Good and Bad

Our nightly ritual involves asking our daughter what she would like for a bedtime snack. There’s usually a lot of back and forth after our daughter stands in the pantry doorway for several minutes.

“What can I have?” she asks as she continues to stare into the pantry.

“How about an apple?” I suggest.

She turns around to look at me. “No,” she vehemently denies while giving me the stink eye. She spins back to the pantry, and then she bounces immediately over to the freezer. She stands in front of it for several seconds while shivering. “Can I have some ice cream?” she asks, still shivering and staring at me with that you-know-you-can’t-say-no-to-this-face expression. Meanwhile, her hands are just millimeters away from the ice cream carton.

“Uh, no,” I say with my motherly, of-course-you-cannot voice.

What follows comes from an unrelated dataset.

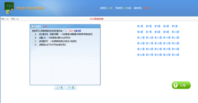 支持(chi)整版作答(da)(題(ti)目全(quan)屏顯(xian)示)、單(dan)題(ti)作答(da)(一屏一題(ti)顯(xian)示)二種考試模(mo)式(shi)。

She’s shocked. She pulls her hands back to her sides. She turns to give me her pouty-and-I’m-mad look. “Why not?”

“Because it is after nine o’clock at night and you do not need any of that sugar before bed,” I tell her. “Here, just have an apple. Fruit is good for you. I’ll cut it up for you. It’s your favorite, too. It’s green.” I pick up the apple and start to walk to the sink to rinse it off when I hear…

“I don’t want an apple. I want ice cream.”

I turn my head around to say, “Close the freezer door.” Then I proceed to wash off the apple.

“But why can’t I have ice cream?” she asks whiningly. “It’s strawberry. Strawberries are fruit. They’re good for you.” I try not to smack my head. Instead, I grin inwardly. She’s a smart one, this girl.

“No. There’s way too much sugar in there for you to have right now. You need to eat your snack and go to sleep. I don’t need you bouncing off the walls.” I grab for my trusty Pampered Chef apple slicer.

“Don’t apples have sugar in them, too?” Touché. Who taught my child that fruit has sugar in it? Oh, that would have been me.

“Yes, but apples have good sugar and not all the fat and bad sugar in it like ice cream,” I say proudly.

“Then why do we have ice cream?” she asks me. She looks so innocent.

“Ice cream is okay to eat every once in a while. You shouldn’t eat it all the time, and you especially shouldn’t have it for a bedtime snack,” I reply to her thinking that I’m such a good, healthy-choice mom.

“But daddy eats ice cream all the time,” she retorts. I pause. Crickets.

I look at her and say indignantly, “Right, but he’s your daddy and you’re my daughter.” I’m so smart.

“Maybe you should tell daddy to eat more apples instead of so much ice cream,” and she walks away while I’m holding her apple.

“Daddy!” I hear her yell in the living room. “You need to eat more apples and stop eating ice cream because it has too many bad sugars in it!” Great.

Note to self: Let the husband discuss good and bad choices with the daughter in the future.